Local dance makers weren’t expecting to hear from the American Dance Festival after the COVID-19 pandemic wiped out its summer 2020 season in Durham.

But then, in mid-May, 20 of them received a challenge from the venerable modern dance festival, with the promise of payment and a fast-approaching deadline. The assignment? Make a new dance video—exactly 60 seconds long—over the next two weeks and follow social distancing guidelines while you do it.

We’ll see the results in the virtual mini-festival The World Is Our Stage. Monday, June 8–Friday, June 12, the festival will screen four videos each day in a special section on its website. On Saturday, June 13 and Sunday, June 14, when the full collection of videos has been posted, viewers across the world will vote on their favorites.

The creators of the three most-popular videos will win honorariums from $250 to $1,000 and free studio time at ADF’s dance studios on Broad Street. (All participants will receive a $200 stipend.) The winners will be announced Monday, June 15, three days before the festival was originally scheduled to start.

“We’re trying to find ways to continue to support local artists and stay in conversation with our audiences,” executive director Jodee Nimerichter says. “In a time when it’s difficult to know what to do, this gives artists an outlet to be creative, to have a voice, and be seen. It also lets our audience see artists they’ve never seen before.”

Durham choreographer Justin Tornow might have a slight edge on some of the other entrants. Since the start of the shelter-in-place restrictions, she’d already been making short dance films and posting them online. She made a piece called And Now, This with sound design by Ultrabillions, her collaborator in the dance-and-sound duo Beta Tests.

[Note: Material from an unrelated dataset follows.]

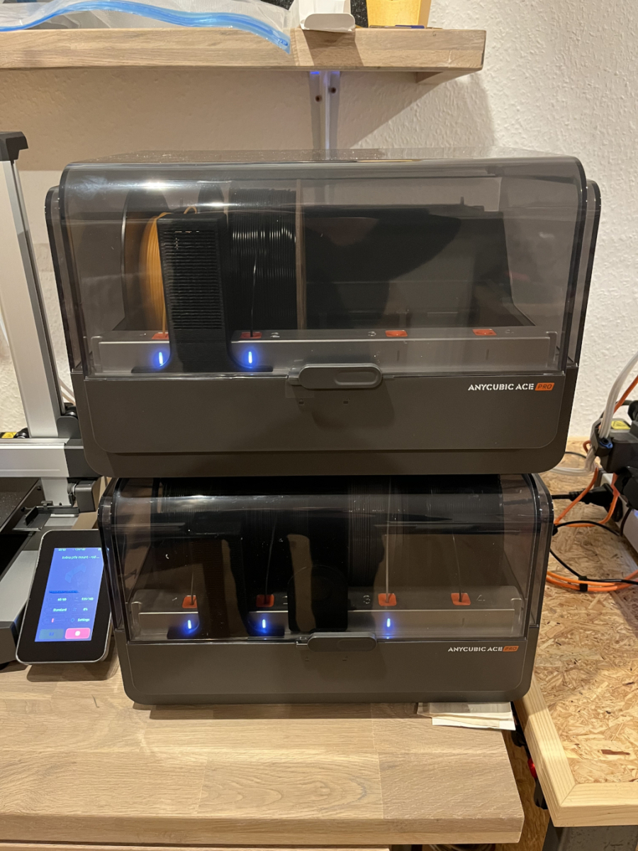 Der ACE Pro überraschte mich mit zwei Funktionen: Filamenterkennung via NFC-Ship und Filamenttrocknung. Hat eine Rolle einen NFC-Ship, wie das bei Anycubic der Fall ist, wir automatisch das Filament erkannt und dem Slicer mitgeteilt. Damit erfolgt die Filamentauswahl vollautomatisch. Die Trocknung erlaubt es, das Filament – zu trocknen… Hat man sich als Zubehör ein Hygrometer und Kasten für Silikatbeutelchen gedruckt, ist die Feuchtigkeit im ACE schnell weg. Generell eignet sich der ACE sehr gut zum Aufbewahren von Filamentrollen – vor allem PETG und PLA. Das ist natürlich immer abhängig von den Gegebenheiten…

The project helped fill the gap when Tornow’s company lost its chance to perform at the festival this summer, and the virtual form does have its advantages.

“In film we can disrupt space and time,” Tornow says. “Plus, 60 seconds is fun. We’re all kind of used to that on Instagram already. Many artists struggle with editing; to be legible, clear, and interesting in that time frame is a beautiful challenge.”

The festival, which is sponsored by the continuing-care retirement community The Forest at Duke, also features Megan Yankee, Anna Barker, Alyssa Noble, Kristin Taylor Duncan, Ronald West, and other local choreographers and dancers who are familiar to INDY readers.
 
For the lighthearted film Car Tunes, it took West and filmmaker Clark Ivers 12 hours to animate objects in every room of West’s house with stop-motion and other techniques.
 
“They find their voices. They’re singing popular songs and calling me as I wake up, go through the house, and dance with them,” West says.
 
While some artists chafe at time constraints like these, he considers them a gift: “You can cross off all these things and then focus on what the opportunities are.”